Montes, 65, was released Friday from FMC Carswell, a women’s prison in Fort Worth, according to the U.S. Bureau of Prisons.

She was arrested by the FBI less than two weeks after the 9/11 terror attacks in 2001.

“The most notorious spy for Cuba’s communist regime in American history will now be free. Sadly, the people she used as an excuse to betray her own nation remain anything but,” Rubio, a Cuban-American from Miami, said in a statement.

“Her treason against the U.S. accomplished nothing for the Cuban people. On the contrary, by helping the criminal Castro regime, Montes strengthened the Cuban people’s worst enemy.”

During her time working for the military’s spy arm, Montes leaked classified U.S. military information and deliberately distorted the government’s views on Cuba, according to the FBI.
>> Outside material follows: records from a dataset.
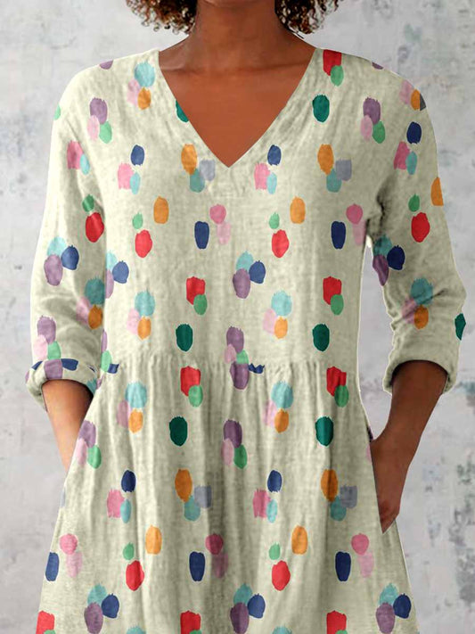 Women's Irregular Geometric Art Print Casual Linen V-neck Shirt
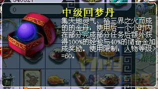 首先就是大多数人都知道的回梦丹,老玩家回流奖励中会得到这个东西,绑定者也会得到中级回梦丹的奖励。
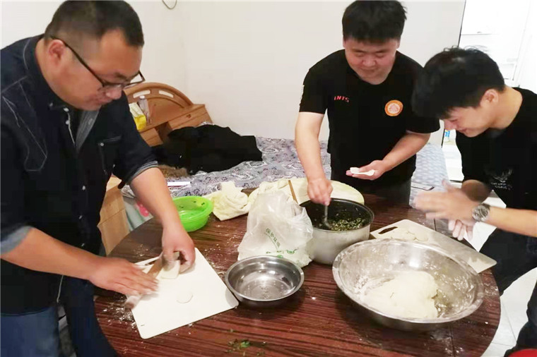 除夕這一天,大家以班組為單位,五、六個人湊在一起組成了一個個臨時的小“家”。臨近中午,大家就開始忙碌起來,擇菜、拌餡、搟餃子皮、私廚小炒......一個個大顯身手,在公司微信群里展開了廚藝大比拼:團圓餅、金元寶、長壽面、紅燜大蝦、清蒸鱸魚......一道道美味佳肴在微信群里接連曬出,色香味佳。想不到這些在生產一線沖鋒陷陣的“鐵血硬漢”竟然“十八般武藝,樣樣精通”,廚藝也如此高超!大家不禁在微信群里紛紛豎起大拇指點贊。
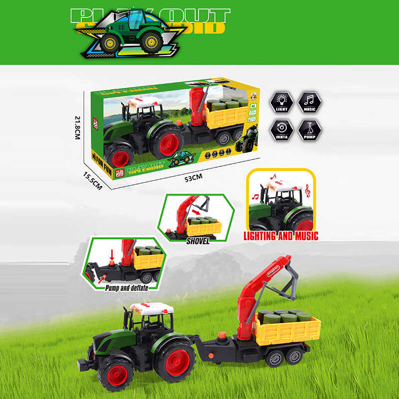 - Трактор 687-149 B (18/2) довжина: 50 см, причеп - самоскид, кран, інерція, підсвічування, звук, помповий підіймач, вантаж, капот підіймається, в коробці
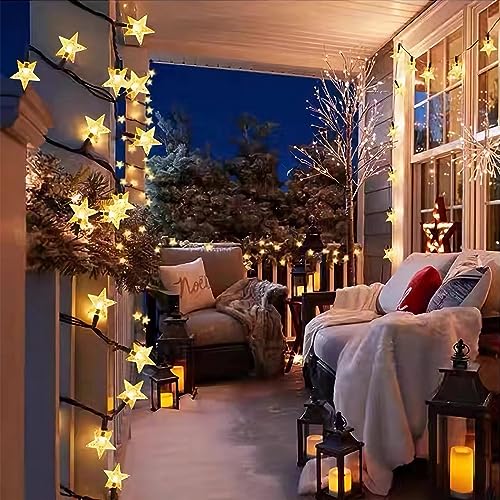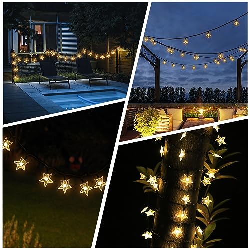 Ninonly Catena Luminosa Stella, 14m 120 LED Catena Luminosa Solare Esterno, Stella Luci Led Impermeabili, Stelle Catene Luminose per Feste Natale Matrimoni Giardino Cortile Decorazione
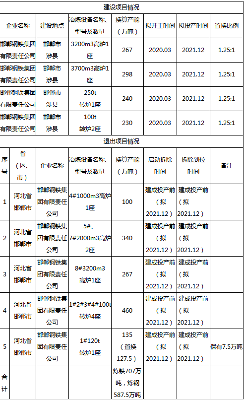 河鋼邯鋼老區(qū)退城整合項(xiàng)目產(chǎn)能置換方案公示
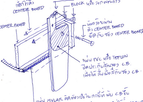 19. center boardหรือแผ่นงัดน้ำเพื่อกันเรือเคลื่อนไปด้านข้าง มีทั้งแบบยึดกับซองและกระดกพับเก็บได้แบบเรือ OK ,enterprise ,fireballและแบบเสียบเช่น เรือ laser
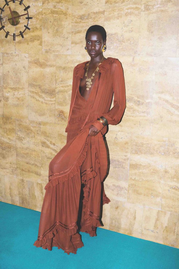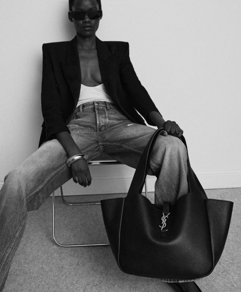 Khi ánh hoàng hôn phủ lên ngày cuối tuần, vẻ rực rỡ được tiết chế trong tinh thần tối giản. Chiếc đầm cắt xẻ táo bạo từ Saint Laurent kết hợp với khuyên tai cách điệu của Alaïa và túi cói Saint Laurent, tựa bản hòa ca nhuộm sắc sa mạc ngày hạ. Vòng cổ thánh giá từ Daisy Molecule cũng góp phần thêu dệt vẻ đài các, nâng tầm diện mạo cho người mặc. Cuối cùng, làn hương mơ màng English Pear & Sweet Pea của Jo Malone sẽ đánh thức mọi giác quan, cân bằng giữa nét tinh khôi và quyền lực, biến từng bước chân thành tuyên ngôn lấp lánh giữa giấc mộng hè.
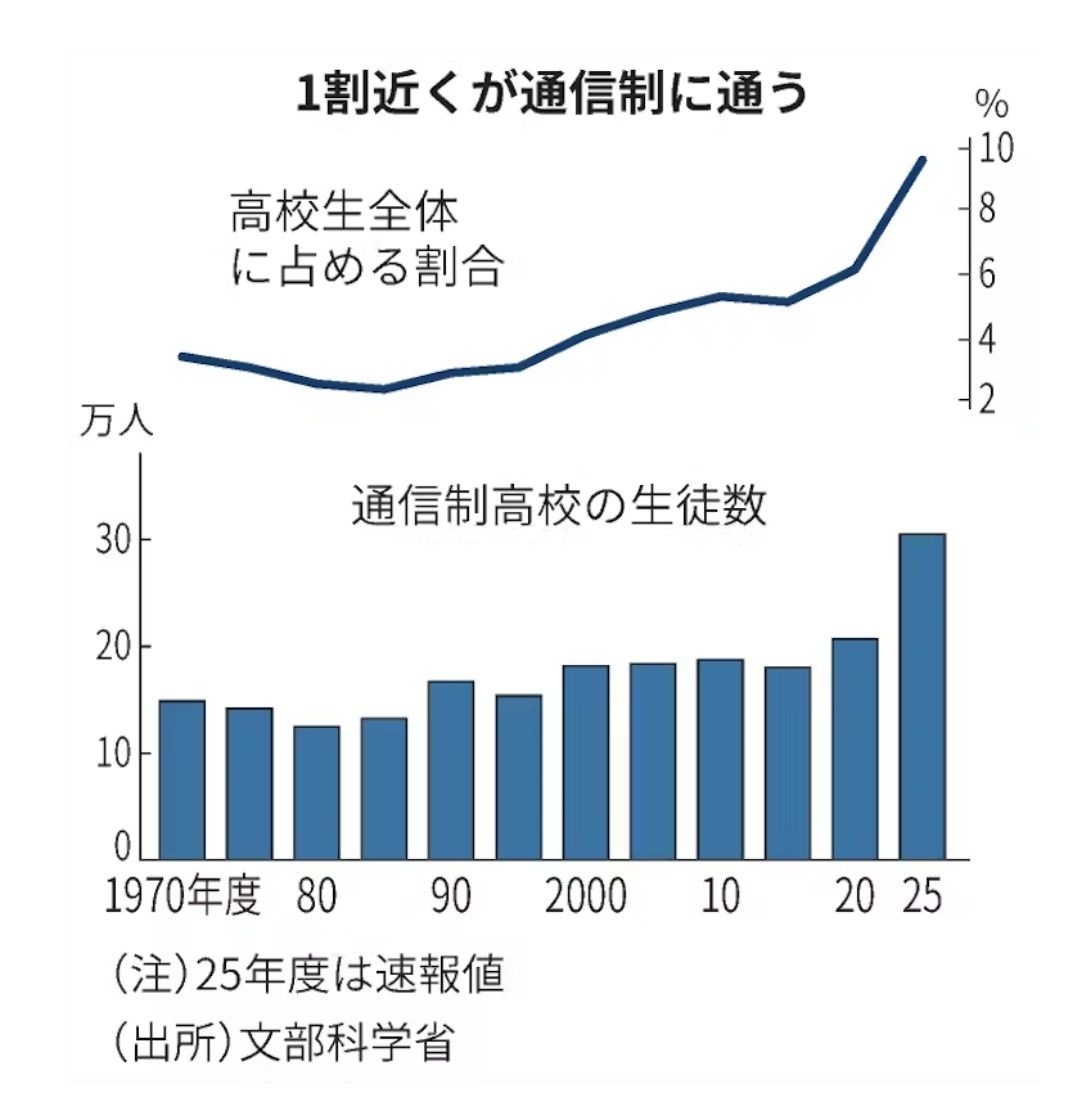 通信制高校に通う生徒が2025年度に初めて30万人を超え、過去最多を更新したことが文部科学省の調査で分かった。不登校の広がりなどが背景にある。学校の新設が相次ぐなか、不適切な運営が指摘された事例もあり、学びの質の担保が課題となっている。 - 2 : 2025/08/31(日) 11:21:46.62 ID:7NuUQ6ZI0
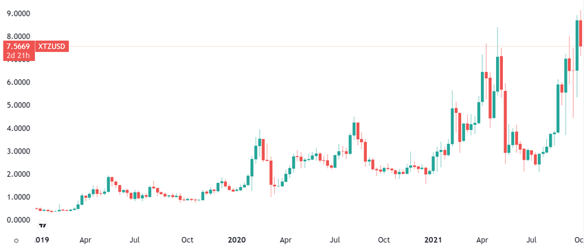 Wenn du XTZ Coin, die native Kryptowährung und das Governance-Token von Tezos, im Dezember 2018 im Wert von 1000 US-Dollar gekauft und am 4. Oktober 2021 verkauft hättest, hättest du einen Gewinn von 24.000 US-Dollar erzielt. Im Laufe der Jahre befand sich der Tezos Kurs auf einem Aufwärtstrend, allerdings mit regelmäßigen Buy-the-Dip-Gelegenheiten.
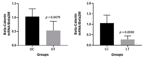 A significant decrease in β-catenin gene expression in the gut tissue was observed in the obese treated group compared to the obese control group (p = 0.0479) and in the lean treated group compared to the lean control group (p = 0.0030) (Figure 8). On the other hand, no significant changes were verified among the groups in the gene expression levels of cadherin (p = 0.4048), occludin (p = 0.2063) or zonulin (ZO-1) (p = 0.171) in the gut tissue (see Appendix A).
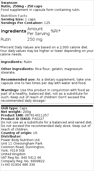 Combattez les radicaux libres avec la rutine de Swanson ! Ce puissant bioflavonoïde antioxydant travaille en synergie avec la vitamine C pour protéger vos cellules des radicaux libres. Chaque portion fournit 250 mg de rutine.
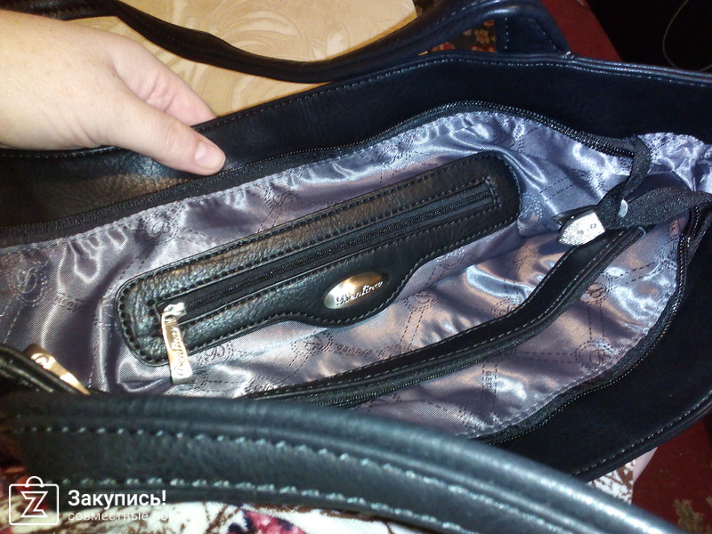 Еще одна черненькая сумочка простенькая, бренд неизвестен. Компактная, мягкая, с двумя ремешками, по бокам дополнительные кармашки на замочках, внутри материал попроще. Но за такую цену просто миленькая)

Montes began her career in a clerical job with the U.S. Justice Department in 1984 and was recruited by Cuban leaders to spy for the regime of Fidel Castro after she expressed outrage at the administration of President Ronald Reagan‘s actions in Nicaragua.

She then applied to work for the DIA and began with the agency in 1985 as a “fully recruited spy,” handing over disks full of information to the Cuban government.

Rubio said that leaks made by Montes during her 17 years spying for Cuba led to broken covers of 450 American agents working in Latin America.

“In 1996, her information also enabled the Castros to shoot down two U.S. planes carrying the heroes of Brothers to the Rescue,” Rubio said. “Montes also sabotaged a top-secret satellite program.”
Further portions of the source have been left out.